**PROBLEM:**
With pictures left out, set down exactly the lines that begin at the one containing "Nesquik Kakaópor 400 g, 1498 Ft/kg" and end with the last line of the entries below.

**THE DATA:**
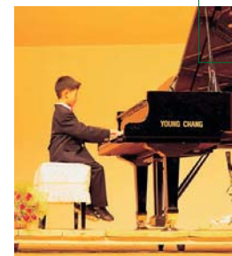
ab Seite 12
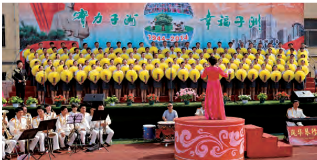
参加子洲县庆七·一暨建县七十周年歌咏比赛
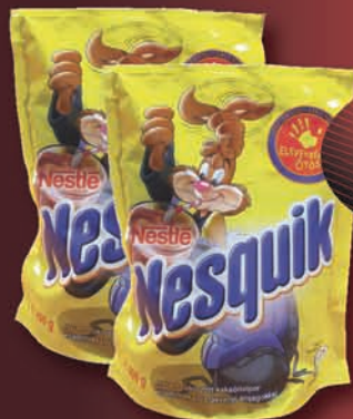
Nesquik Kakaópor 400 g, 1498 Ft/kg
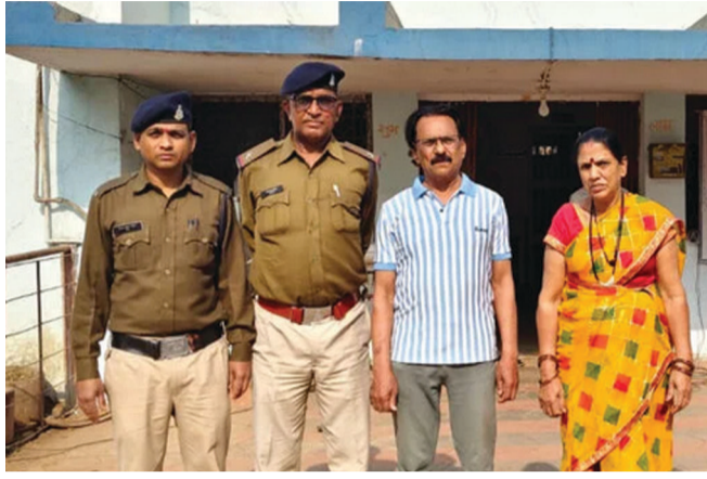
लगाते पर बाउंस हो गया। इसके बाद सभी रुपए देने के नाम पर आनाकानी करते रहे।
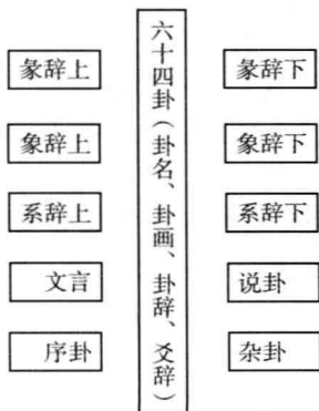
图 1-1 《易经》构成图

“经文”之外，还有“传文”，是对“经文”的解释或综述，“传文”包括了“彖(tuàn)辞(上、下)”、“象辞(上、下)”、“文言”、“系辞(上、下)”、“说卦”、“序卦”、“杂卦”等七篇十部分，也称“十翼”。如图1-1所示。
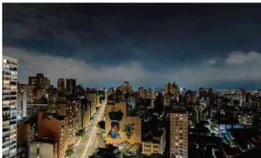
Vista do céu a partir do edifício Racy, na avenida São João, em São Paulo

Cartas para a l. Barão de Limeira, 425, São Paulo, CEP 01202-900. A Folha se reserva o direito de publicar trechos das mensagens. Informe seu nome completo e endereço
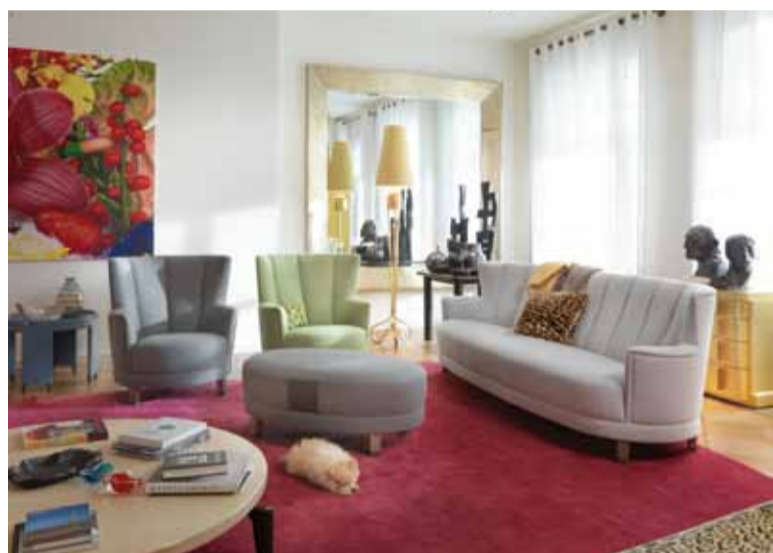
Sessel, Sofa und Hocker „Harlem“ sowie Beistelltisch „Soho“

Herr Joop, wir danken Ihnen für das Gespräch.
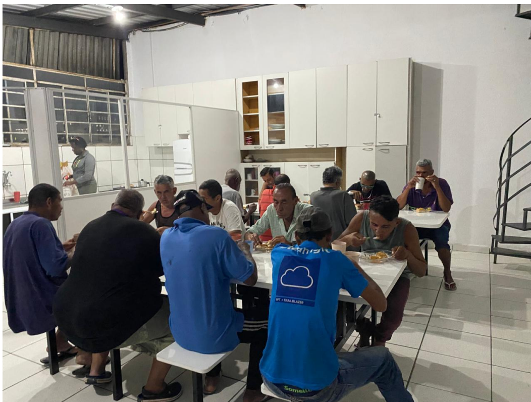
Figura 1: Lanche da Noite
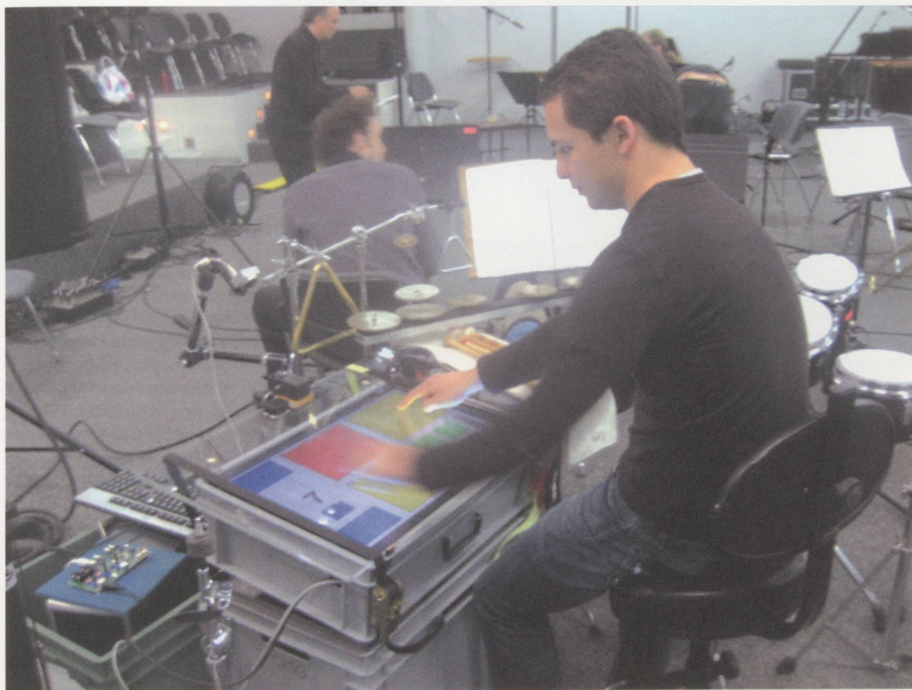
Présentation de «Una Cortina de Fun» à la HEM-GE, juin 2009.
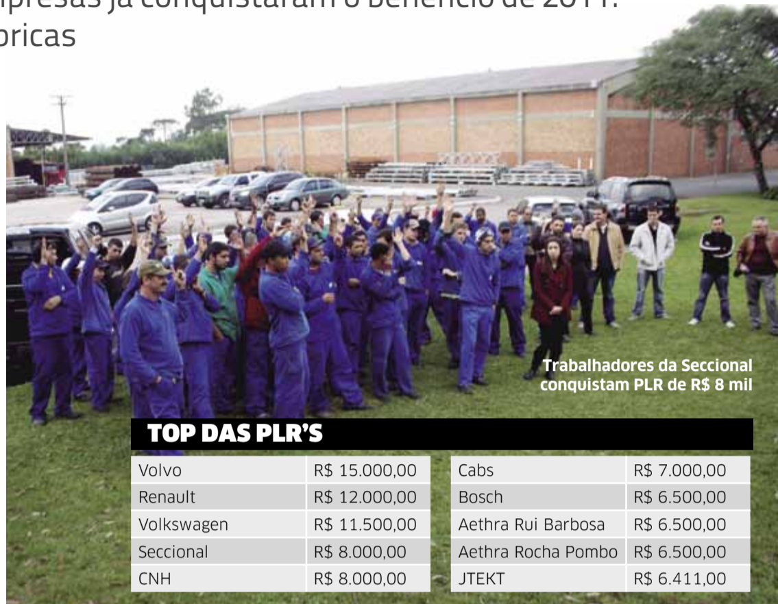
Trabalhadores da Seccional conquistam PLR de R$ 8 mil

Essa luta por todos os lados da Região Metropolitana repercutiu em todo o Brasil, como exemplo de mobilização. Mas, é bom lembrar também que a batalha da PLR não acabou. Mais de 50 empresas ainda estão em negociação com o Sindicato. Portanto, continuamos alerta e com o bom e velho ditado: Quem luta mais, conquista mais!
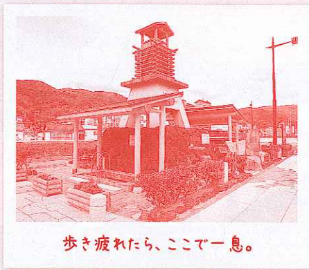
歩き疲れたら、ここで一息。

松原公園は夕陽の名所、世界一の花時計や歌碑、温泉やぐらなどが点在する松の美しい公園です。ギネス認定、直径31メートルに及ぶ「世界一の花時計」は文字通り、世界一の大きさ。季節ごとに花が植え替えられ、時を報せる音楽が流れます。
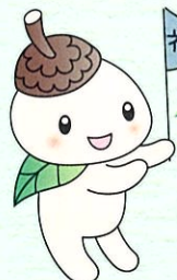
ココロン 世田谷区協 キャラクター
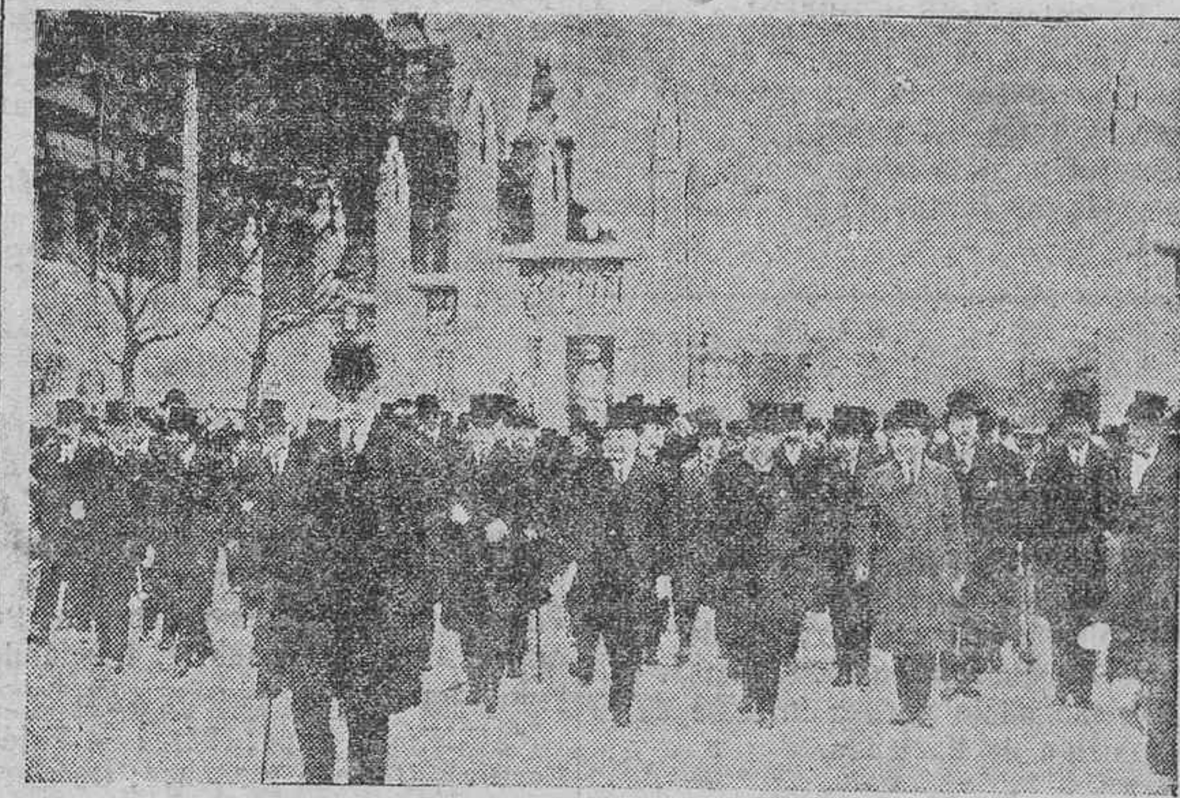
El presidente de la República francesa, M. Doumergue, y la comitiva oficial, inaugurando la gran Exposición de Artes decorativas que constituye la mayor atracción universal del día
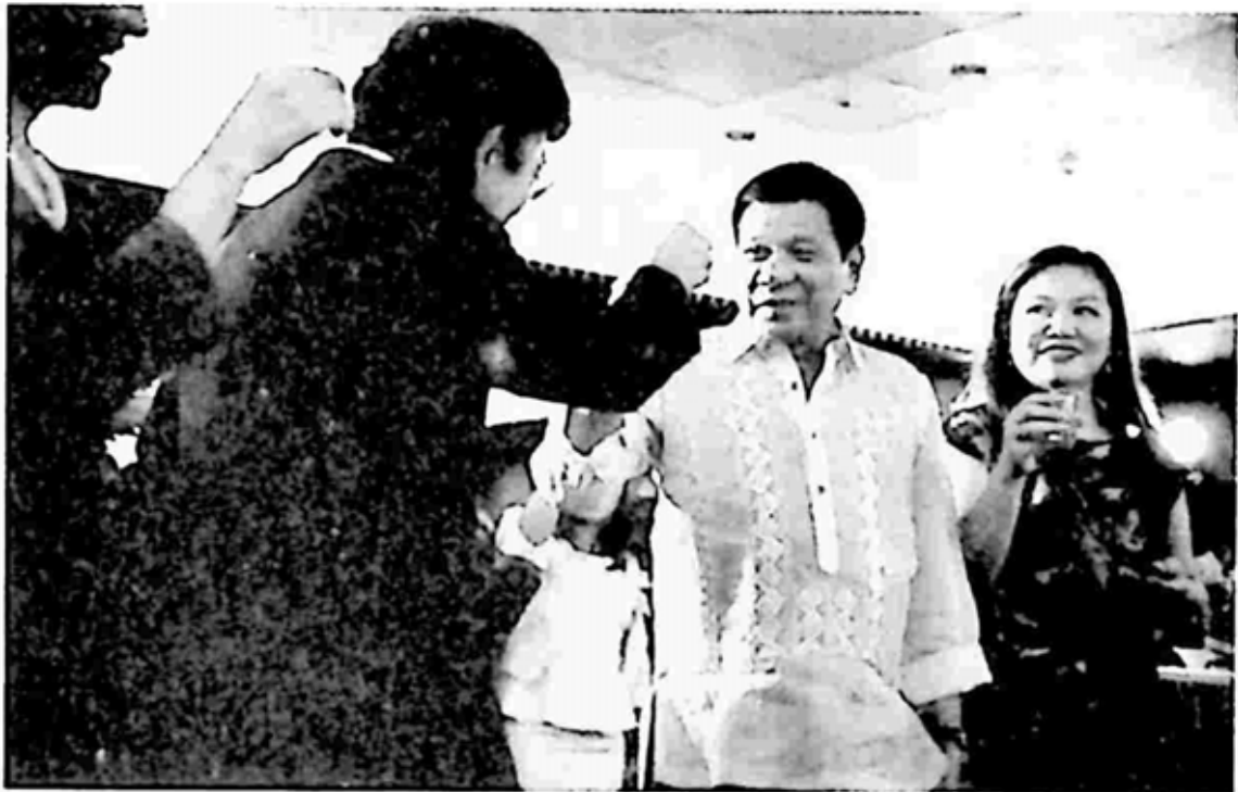
သမ္မတ ဒုတိယတေး နှင့် ဒုတိယဇနီး Cielito အား ပါတီပွဲတစ်ခုတွင် တွေ့ရစဉ်

“ကျွန်တော်ဟာ ဘုန်းတော်ကြီးရဲ့ စကားကိုဖြစ်စေ၊ ပညတ်တော်ဆယ်ပါးကိုဖြစ်စေ နားထောင်လိုက်မယ်ဆိုရင် ဘာမှလုပ်လို့ရမှာ မဟုတ်တော့ဘူး” လို့ သူပြောခဲ့ပါတယ်။ “ကျွန်တော်ဟာ ခရစ်ယာန် တစ်ယောက်ဖြစ်ပေမဲ့ အလ္လာအရှင်မြတ်ကိုလည်း ယုံကြည်ပါတယ်” လို့ ၂၀၁၆ ခုနှစ် ဇွန်လ ၂၆ ရက်နေ့က သူပြောခဲ့ပါတယ်။
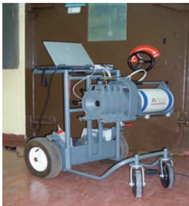
Strumento portatile per misura gamma
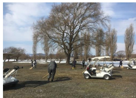
※コース内の枝拾いの様子
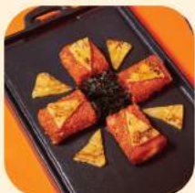
16 - ข้าวผัดกิมจิซัส 385.-
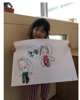
ママと須磨水族園に行ったよ。 ゆいなのは前に行ってお魚見たよ。 ひまわりのワンピースを着て行った。 また行きたい。
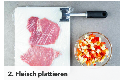
2. Fleisch plattieren

Eine große Pfanne mit einer ca. 0,5cm hohen Schicht Pflanzenöl bei mittlerer bis starker Hitze erwärmen. Jeweils 2 Schnitzel nacheinander in das heiße Öl geben und auf jeder Seite ca. 4Min. goldbraun braten. Tipp: Wenn es schnell gehen soll, zwei Pfannen verwenden. Die Schnitzel auf etwas Küchentrepp abtropfen lassen und die Pfanne auswischen.
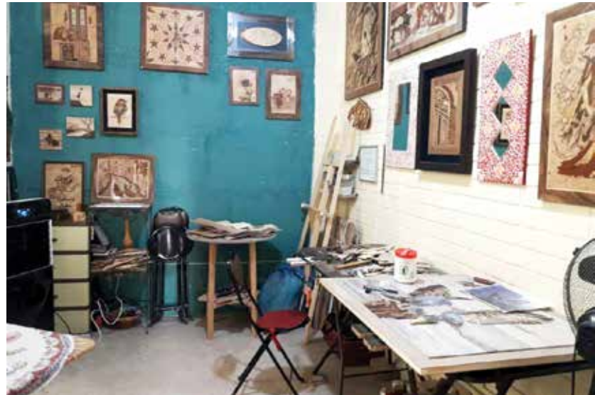
نخستین مرکز حرفه‌ای کار آفرینی شهر تهران در محله استادمعین راهاندازی شد
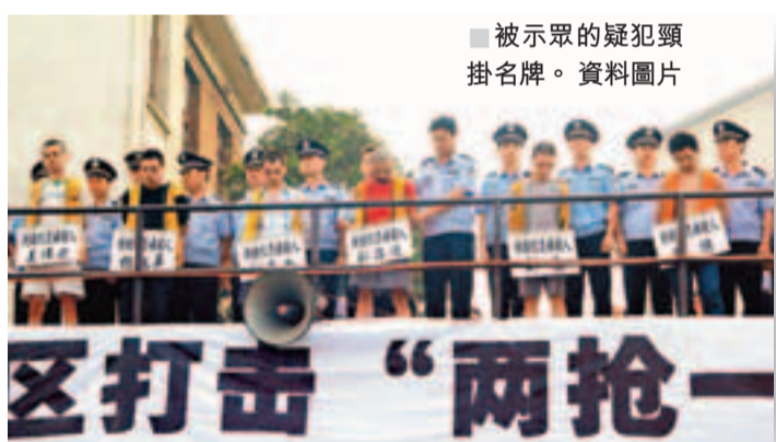
■被示眾的疑犯頸掛名牌。

**ANSWER SECTION:**
Nesquik Kakaópor 400 g, 1498 Ft/kg
लगाते पर बाउंस हो गया। इसके बाद सभी रुपए देने के नाम पर आनाकानी करते रहे।
图 1-1 《易经》构成图

“经文”之外，还有“传文”，是对“经文”的解释或综述，“传文”包括了“彖(tuàn)辞(上、下)”、“象辞(上、下)”、“文言”、“系辞(上、下)”、“说卦”、“序卦”、“杂卦”等七篇十部分，也称“十翼”。如图1-1所示。
Vista do céu a partir do edifício Racy, na avenida São João, em São Paulo

Cartas para a l. Barão de Limeira, 425, São Paulo, CEP 01202-900. A Folha se reserva o direito de publicar trechos das mensagens. Informe seu nome completo e endereço
Sessel, Sofa und Hocker „Harlem“ sowie Beistelltisch „Soho“

Herr Joop, wir danken Ihnen für das Gespräch.
Figura 1: Lanche da Noite
Présentation de «Una Cortina de Fun» à la HEM-GE, juin 2009.
Trabalhadores da Seccional conquistam PLR de R$ 8 mil

Essa luta por todos os lados da Região Metropolitana repercutiu em todo o Brasil, como exemplo de mobilização. Mas, é bom lembrar também que a batalha da PLR não acabou. Mais de 50 empresas ainda estão em negociação com o Sindicato. Portanto, continuamos alerta e com o bom e velho ditado: Quem luta mais, conquista mais!
歩き疲れたら、ここで一息。

松原公園は夕陽の名所、世界一の花時計や歌碑、温泉やぐらなどが点在する松の美しい公園です。ギネス認定、直径31メートルに及ぶ「世界一の花時計」は文字通り、世界一の大きさ。季節ごとに花が植え替えられ、時を報せる音楽が流れます。
ココロン 世田谷区協 キャラクター
El presidente de la República francesa, M. Doumergue, y la comitiva oficial, inaugurando la gran Exposición de Artes decorativas que constituye la mayor atracción universal del día
သမ္မတ ဒုတိယတေး နှင့် ဒုတိယဇနီး Cielito အား ပါတီပွဲတစ်ခုတွင် တွေ့ရစဉ်

“ကျွန်တော်ဟာ ဘုန်းတော်ကြီးရဲ့ စကားကိုဖြစ်စေ၊ ပညတ်တော်ဆယ်ပါးကိုဖြစ်စေ နားထောင်လိုက်မယ်ဆိုရင် ဘာမှလုပ်လို့ရမှာ မဟုတ်တော့ဘူး” လို့ သူပြောခဲ့ပါတယ်။ “ကျွန်တော်ဟာ ခရစ်ယာန် တစ်ယောက်ဖြစ်ပေမဲ့ အလ္လာအရှင်မြတ်ကိုလည်း ယုံကြည်ပါတယ်” လို့ ၂၀၁၆ ခုနှစ် ဇွန်လ ၂၆ ရက်နေ့က သူပြောခဲ့ပါတယ်။
Strumento portatile per misura gamma
※コース内の枝拾いの様子
16 - ข้าวผัดกิมจิซัส 385.-
ママと須磨水族園に行ったよ。 ゆいなのは前に行ってお魚見たよ。 ひまわりのワンピースを着て行った。 また行きたい。
2. Fleisch plattieren

Eine große Pfanne mit einer ca. 0,5cm hohen Schicht Pflanzenöl bei mittlerer bis starker Hitze erwärmen. Jeweils 2 Schnitzel nacheinander in das heiße Öl geben und auf jeder Seite ca. 4Min. goldbraun braten. Tipp: Wenn es schnell gehen soll, zwei Pfannen verwenden. Die Schnitzel auf etwas Küchentrepp abtropfen lassen und die Pfanne auswischen.
نخستین مرکز حرفه‌ای کار آفرینی شهر تهران در محله استادمعین راهاندازی شد
■被示眾的疑犯頸掛名牌。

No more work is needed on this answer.